Asking good questions — and dealing with uncomfortable answers

@wwaycorrigan

[For an audio/vlog version of this story, click here.]

'Rather than ask my child, "What did you learn at school today?", I believe it's better to ask, "Did you ask good questions?"'

Asking good questions — and dealing with uncomfortable answers. Cartoon image of a teacher and three young students in a classroom setting.
Asking good questions helps us to become more clued-in, well-rounded individuals.
That suggestion was given by a contributor to a BBC podcast series presented by Rory Stewart, titled The long history of ignorance, released last year.

Need-to-know basis

The idea is that not only is it better to be an active, engaged learner rather than a passive one but also how we go about such engagement makes a telling difference. We should try to become more effective at probing to get the information that will help us understand an issue — or a person — more clearly. (Whilst being aware that for certain issues we may never discover the truth.)

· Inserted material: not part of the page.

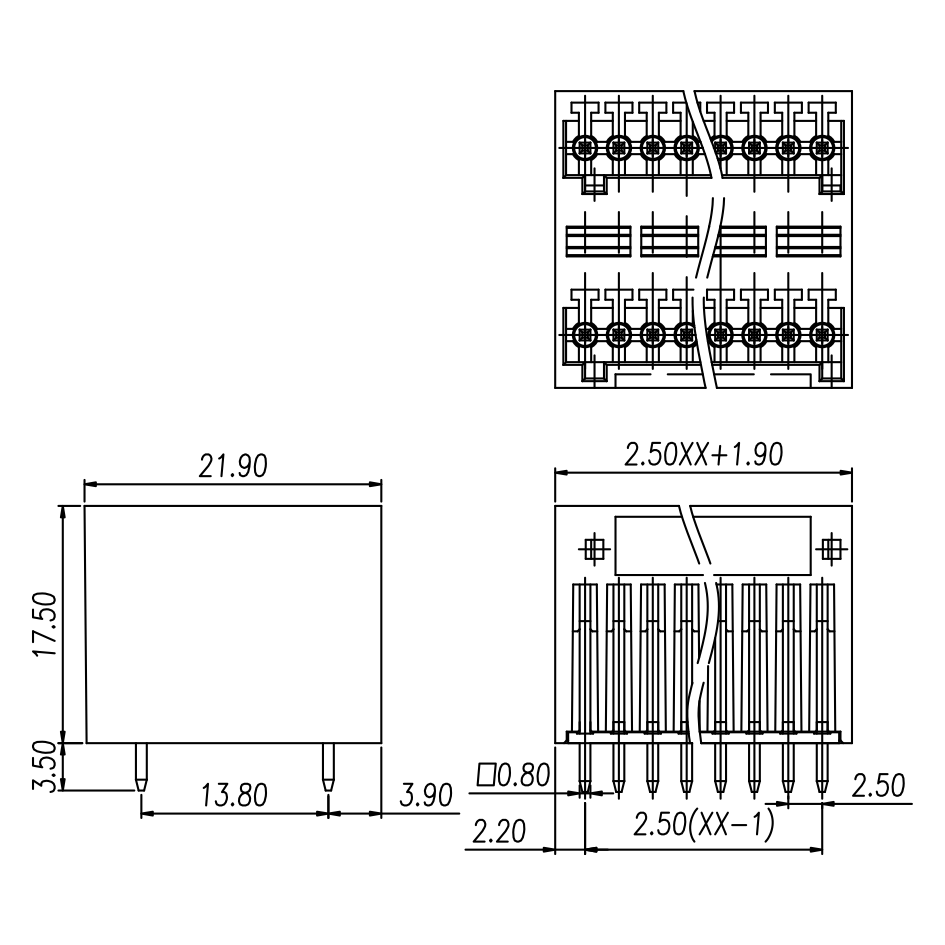 | Pitch / Poles | 2.50 mm / 2 ~ 24 poles | ||
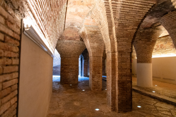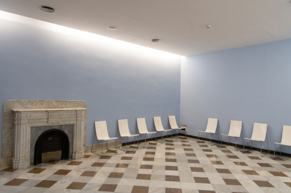 曲線のベンチがある広場はルートの最後になる。

What constitutes good questions will depend on the subject, the context and the inquisitor's level of knowledge. OK, asking open questions — the five Ws (who, what, when, where, why) and H (how) — rather than closed questions is a decent overall rule. In fairness to many young children, they do this naturally, something I touched on in The just-how-it-is society, before said society starts to inhibit their inquisitiveness, that is.
'What my reply didn't specify — because I wasn't asked — was if my thinking about her was positive or negative. Or worse, indifferent, with indifference the essence of inhumanity, as George Bernard Shaw put it in The Devil's Disciple.'
The obvious problem with closed questions is that by their design they don't call for deep responses. If the questioner gets the answer he/she expected or wanted to hear, there may not be a follow-up, while the person questioned may be content not to divulge more without being pushed to do so.

For example, a woman in San José del Guaviare with whom I'd been intimately involved asked me in a message if I think about her. I replied in the affirmative. I wasn't lying. I did and do think about her. Somebody who only recently entered my life and still communicates with me from a distance, well it's highly likely I am going to think about her. It's hard not to.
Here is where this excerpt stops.